When you live in a compact, walkable town like Belmont, its easy to forget that many, many other communities across the country are what you might call “car bound.” They’re sprawling, decentralized, with poor access to critical services (libraries and town government, groceries, shopping, schools, public transit) and lacking even the basic infrastructure, like sidewalks and bike lanes, to support citizens who choose to go car free. No surprise, also, that in these communities the collective memory of things like walking or biking places or riding the bus has disappeared, making those once normal activities seem foreign or downright dangerous.

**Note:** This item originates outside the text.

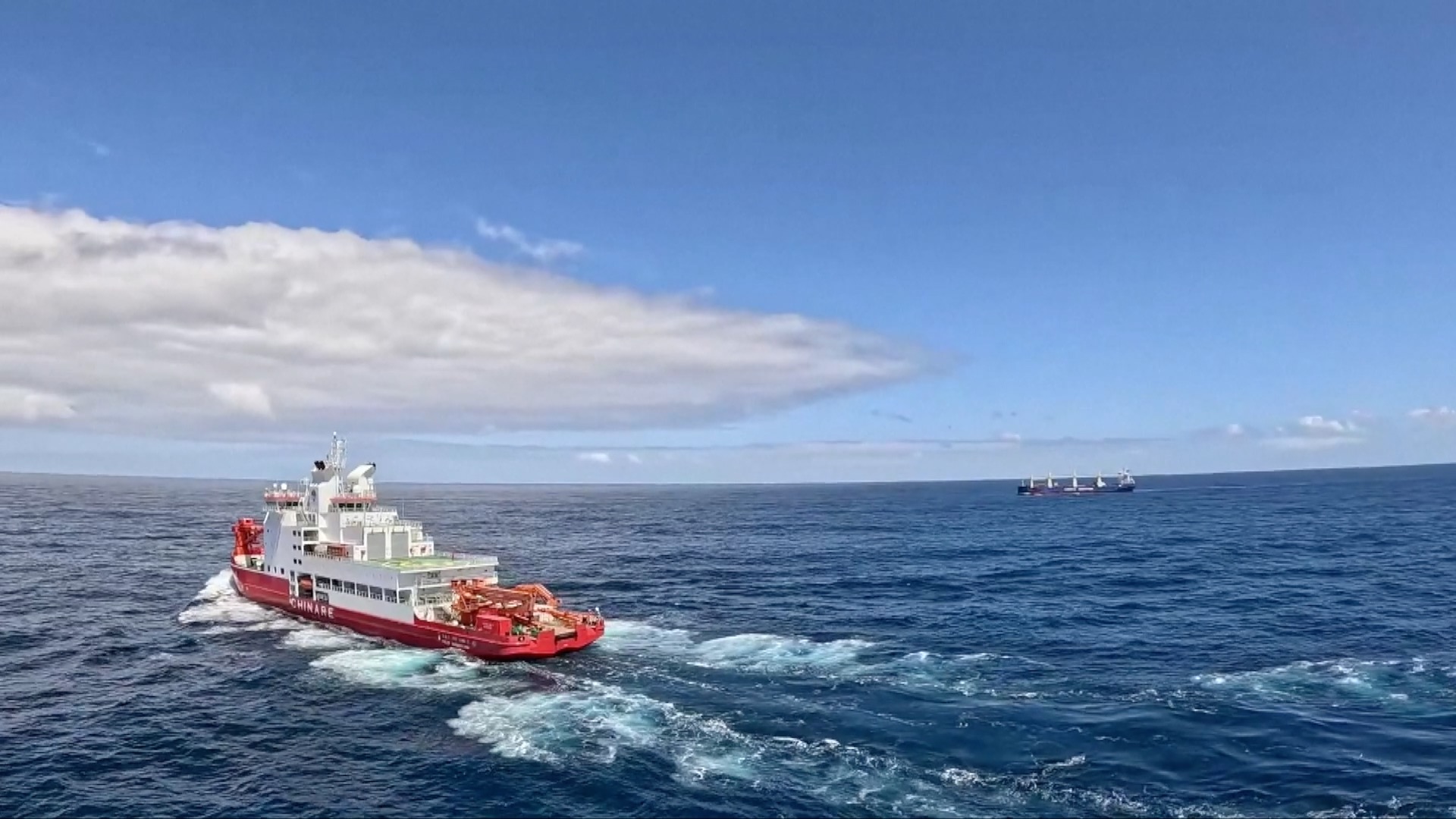 China's research icebreaker Xuelong 2 rendezvoused with supply vessel Tian Hui in waters off the South Island of New Zealand, as the two ships started to pass through the westerlies on November 25 en route to Antarctica.

Thus, the news item that flashed across my computer screen today about high school seniors in Michigan being punished for riding their bikes to school. The back story here is that this was part of an annual tradition called “Student Walk” day, that was often accompanied by senior pranks and vandalism. This year’s class decided to do something positive and healthy, so about 60 of them hopped on their bikes and rode to school en masse.
They might have been better off toilet papering some trees, given the reaction of their principal once they reached the high school. I quote:
“[Principal Katie] Pennington said the ride put students in danger, tied up traffic and prevented staff from getting to school. If you and your parents don’t have sense enough to know your brains could end up splattered on Three Mile and Kinney, Fruit Ridge, then maybe that’s my responsibility,” Pennington said. “…Get your butts home. You’re not participating in senior walk today,” Pennington was captured saying on a student cell phone video.
The students who participated received one day suspensions and missed the traditional last walk through the hallways at Kenowa Hills high school. Add to that articles like “Why Johnny Can’t Ride” from the recent issue of Bicycling magazine, about a legal challenge to Saratoga Springs, NY’s “no biking to school” (huh??!) policy.
Obviously Belmont is a different story. However, its not a stretch to say that bikers (if not walkers) are a minority in our public schools, and especially in our elementary schools. I’m not sure what policy is now, but I do know that the school administration does have reservations about elementary aged children riding to school (though not middle- and high school aged kids) and has refrained from putting bike racks at the elementary schools lest children start taking the hint and hopping on their two wheeler to get to school. Given the skyrocketing rates of obesity in children in the U.S. – a topic tackled brilliantly by the new HBO documentary “Weigh of a Nation,” I think its worth revisiting all of these policies, which have kind of grown up in the last 30 years – often with good intentions all along, but that end up promoting a sedentary lifestyle.